Added by Acts 2003, 78th Leg., ch. 192, § 2, eff. June 2, 2003. § 33.001. DEFINITIONS. In this chapter: (1) "Abortion" means the use of any means to terminate the pregnancy of a female known by the attending physician to be pregnant, with the intention that the termination of the pregnancy by those means will with reasonable likelihood cause the death of the fetus. This definition, as applied in this chapter, applies only to an unemancipated minor known by the attending physician to be pregnant and may not be construed to limit a minor's access to contraceptives.
(2) "Fetus" means an individual human organism from fertilization until birth.
(3) "Guardian" means a court-appointed guardian of the person of the minor.
(4) "Physician" means an individual licensed to practice medicine in this state.
(5) "Unemancipated minor" includes a minor who: (A) is unmarried; and (B) has not had the disabilities of minority removed under Chapter 31.
Added by Acts 1999, 76th Leg., ch. 395, § 1, eff. Sept. 1, 1999.
§ 33.002. PARENTAL NOTICE. (a) A physician may not perform an abortion on a pregnant unemancipated minor unless:
(1) the physician performing the abortion gives at least 48 hours actual notice, in person or by telephone, of the physician's intent to perform the abortion to:
(A) a parent of the minor, if the minor has no managing conservator or guardian; or
(B) a court-appointed managing conservator or guardian; (2) the judge of a court having probate jurisdiction, the judge of a county court at law, the judge of a district court, including a family district court, or a court of appellate jurisdiction issues an order authorizing the minor to consent to the abortion as provided by Section 33.003 or 33.004;
(3) a probate court, county court at law, district court, including a family district court, or court of appeals, by its inaction, constructively authorizes the minor to consent to the abortion as provided by Section 33.003 or 33.004; or
(4) the physician performing the abortion: (A) concludes that on the basis of the physician's good faith clinical judgment, a condition exists that complicates the medical condition of the pregnant minor and necessitates the immediate abortion of her pregnancy to avert her death or to avoid a serious risk of substantial and irreversible impairment of a major bodily function; and
(B) certifies in writing to the Texas Department of Health and in the patient's medical record the medical indications supporting the physician's judgment that the circumstances described by Paragraph (A) exist.

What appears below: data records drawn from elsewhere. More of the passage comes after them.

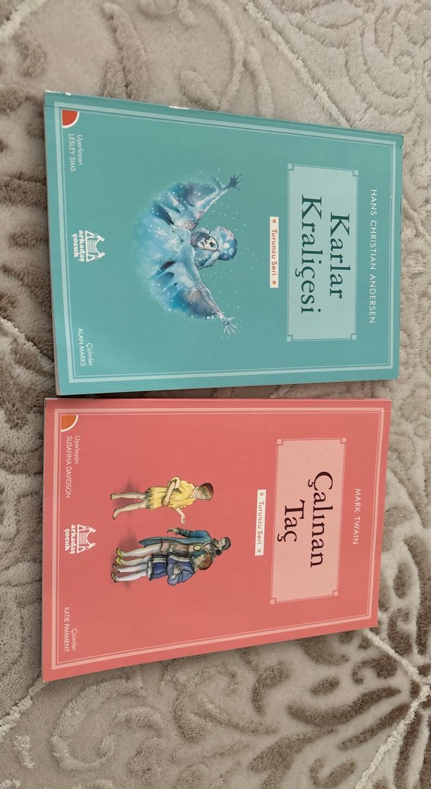 Hans Christian Andersen'in "Karlar Kraliçesi" ve Mark Twain'in "Çalınan Taç" adlı çocuk kitapları, Türkçe çeviri olarak set halinde.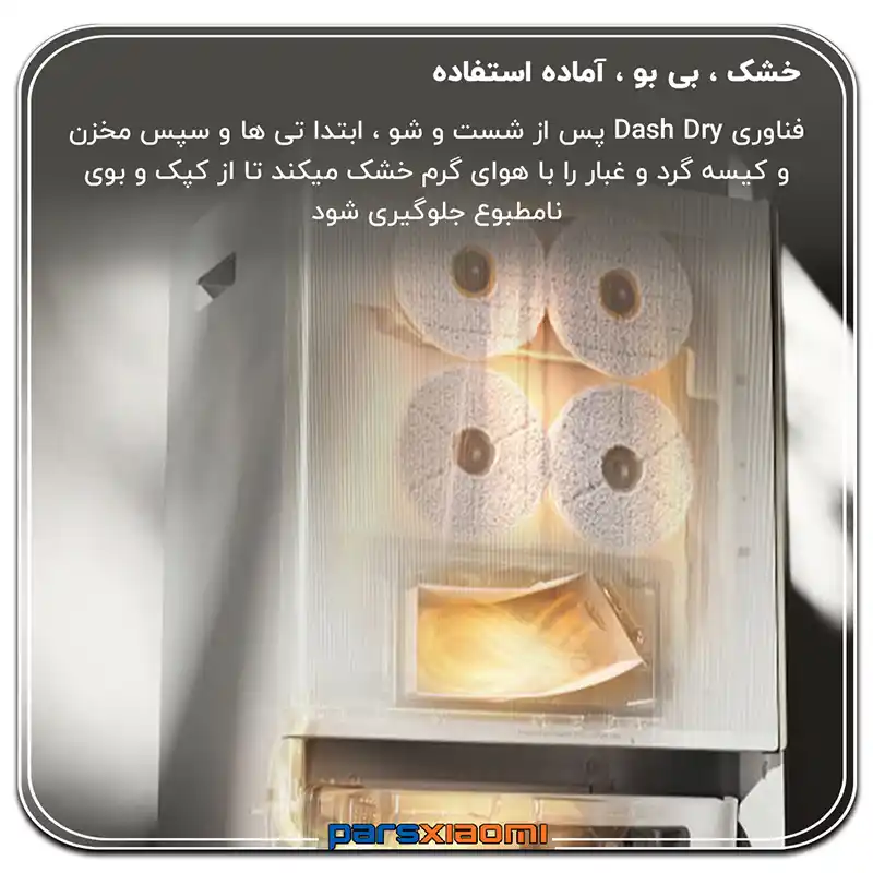 خشککن هوای گرم: پس از شستشو، پدها با جریان هوای گرم خشک میشوند تا از ایجاد بوی نم و رشد کپک جلوگیری شود.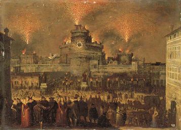 A firework display at the Castel San' Angelo, Rome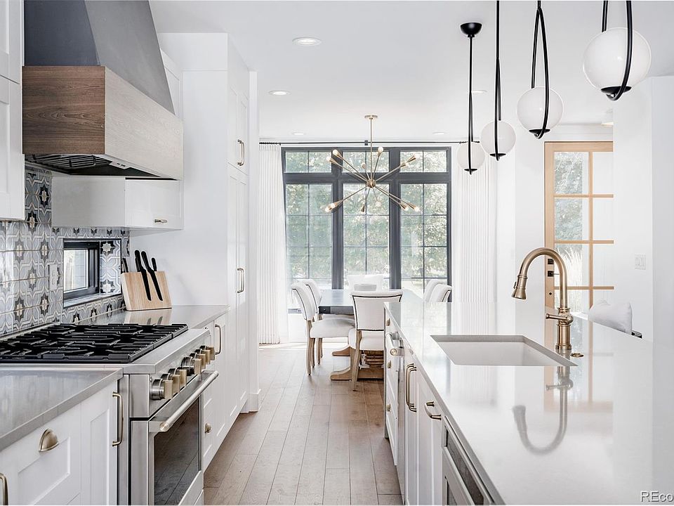 Welcome to your modern oasis in the heart of Congress Park - one of Denver’s most beloved and walkable neighborhoods. This stunning, design-forward duplex offers the perfect blend of luxury, functionality, and location. From the moment you step inside, you’ll feel the quality of craftsmanship and intentionality of the layout. The main floor welcomes you with high ceilings, natural light, and a seamless open-concept design. At the front of the home, a designated dining area makes hosting dinner parties effortless. The kitchen is a chef’s dream, outfitted with luxury stainless steel appliances, a large center island for gathering, pendant lighting, and abundant cabinetry. Just beyond, your living room is anchored by a statement fireplace and glass doors that open to a private backyard. Your detached two-car garage offers space for both vehicles and gear. Upstairs, retreat to your primary suite, a spacious walk-in closet, and a luxurious 5-piece en-suite bath. You’ll love the double vanities, designer fixtures, and the show-stopping shower and soaking tub combo. This level also includes a second bedroom with its own en-suite bath, as well as a laundry room perfectly positioned for ease. Designed for entertaining, the third level has a large flex space complete with a wet bar and outdoor entertaining area. A third bedroom and full bathroom provide privacy and comfort for guests or a remote work setup. Step out onto the private rooftop deck and take in the views. Need even more space? Head downstairs to the fully finished lower level, which offers versatile square footage for a home gym, rec room with another wet bar, and even an additional guest suite and full bathroom. All of this is wrapped in a modern exterior with clean lines and thoughtful landscaping. Located in one of Denver’s most central, connected neighborhoods — minutes from Cherry Creek, City Park, and Downtown — this home is the perfect combination of style, substance, and location.
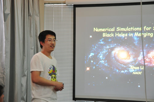 李硕专业从事星系核心黑洞数值模拟,在本次午间学术沙龙中介绍了在他和合作者最近研究工作中的新发现“星系中心的双黑洞系统”。他们利用数值模拟分析了实际观测到的星系核,发现其中可能寄宿着非常靠近的双黑洞。这一发现被风趣地比喻为宇宙中的“双黄蛋”。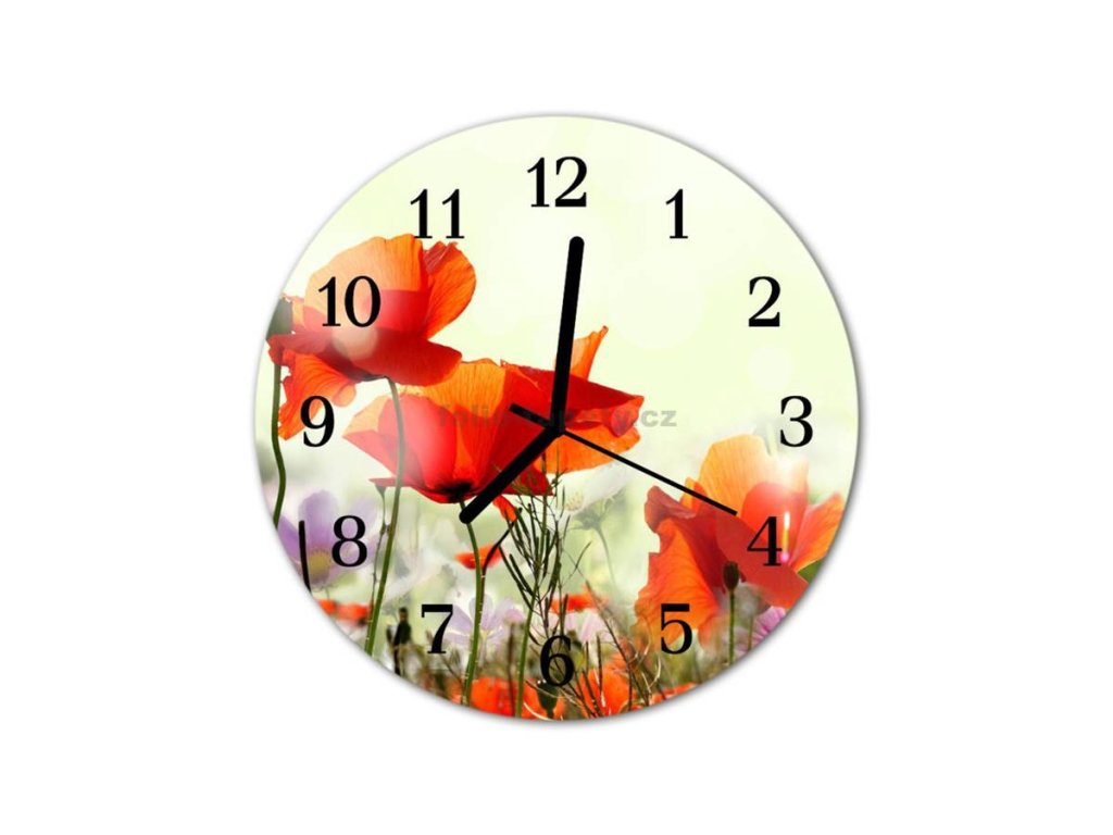 Nástěnné hodiny obrazové na skle - Mák na louce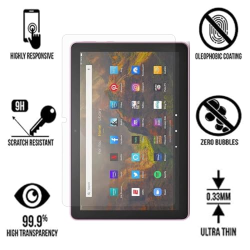 FEATURES: Tempered Glass for Amazon Fire Hd 10 2021 Screen Protector is made of Flexible Fiber which is Bendable, Scratchproof, Oleophobic & Bubblefree, has 9H Hardness, is Shatterproof made of Nano Glass Fiber Technology & also is Stylus, S Pen, Pencil Compatible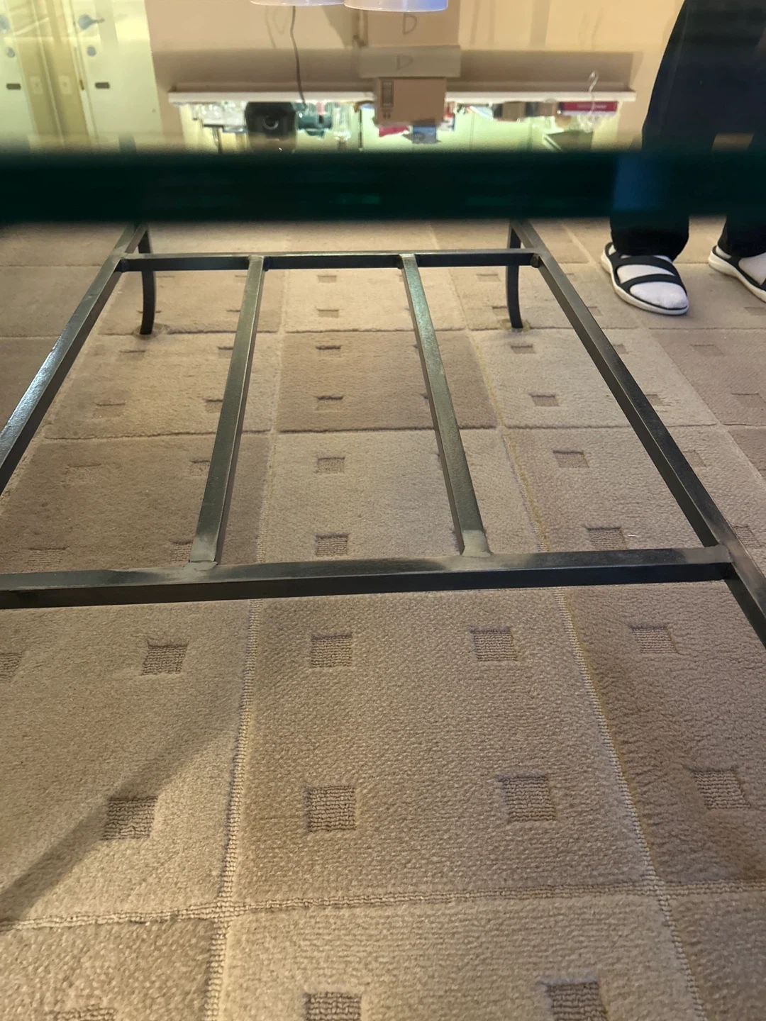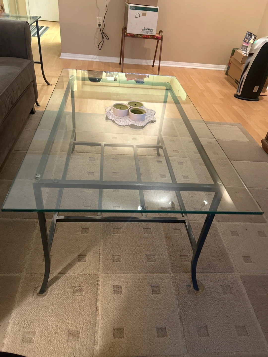 Selling a glass coffee table with a sturdy metal frame plus 2 matching end tables. It's a simple and elegant piece that would look great in any living room. The glass top is in good condition and easy to clean. The metal frame provides a stable base. It's a great addition to any home! End Table 20 x 29” x 22” H

(b) If a person to whom notice may be given under Subsection (a)(1) cannot be notified after a reasonable effort, a physician may perform an abortion if the physician gives 48 hours constructive notice, by certified mail, restricted delivery, sent to the last known address, to the person to whom notice may be given under Subsection (a)(1). The period under this subsection begins when the notice is mailed. If the person required to be notified is not notified within the 48-hour period, the abortion may proceed even if the notice by mail is not received.
(c) The requirement that 48 hours actual notice be provided under this section may be waived by an affidavit of:
(1) a parent of the minor, if the minor has no managing conservator or guardian; or
(2) a court-appointed managing conservator or guardian. (d) A physician may execute for inclusion in the minor's medical record an affidavit stating that, according to the best information and belief of the physician, notice or constructive notice has been provided as required by this section. Execution of an affidavit under this subsection creates a presumption that the requirements of this section have been satisfied.
(e) The Texas Department of Health shall prepare a form to be used for making the certification required by Subsection (a)(4).
(f) A certification required by Subsection (a)(4) is confidential and privileged and is not subject to disclosure under Chapter 552, Government Code, or to discovery, subpoena, or other legal process. Personal or identifying information about the minor, including her name, address, or social security number, may not be included in a certification under Subsection (a)(4). The physician must keep the medical records on the minor in compliance with the rules adopted by the Texas State Board of Medical Examiners under Section 153.003, Occupations Code.
(g) A physician who intentionally performs an abortion on a pregnant unemancipated minor in violation of this section commits an offense. An offense under this subsection is punishable by a fine not to exceed $10,000. In this subsection, "intentionally" has the meaning assigned by Section 6.03(a), Penal Code.
(h) It is a defense to prosecution under this section that the minor falsely represented her age or identity to the physician to be at least 18 years of age by displaying an apparently valid governmental record of identification such that a reasonable person under similar circumstances would have relied on the representation. The defense does not apply if the physician is shown to have had independent knowledge of the minor's actual age or identity or failed to use due diligence in determining the minor's age or identity. In this subsection, "defense" has the meaning and application assigned by Section 2.03, Penal Code.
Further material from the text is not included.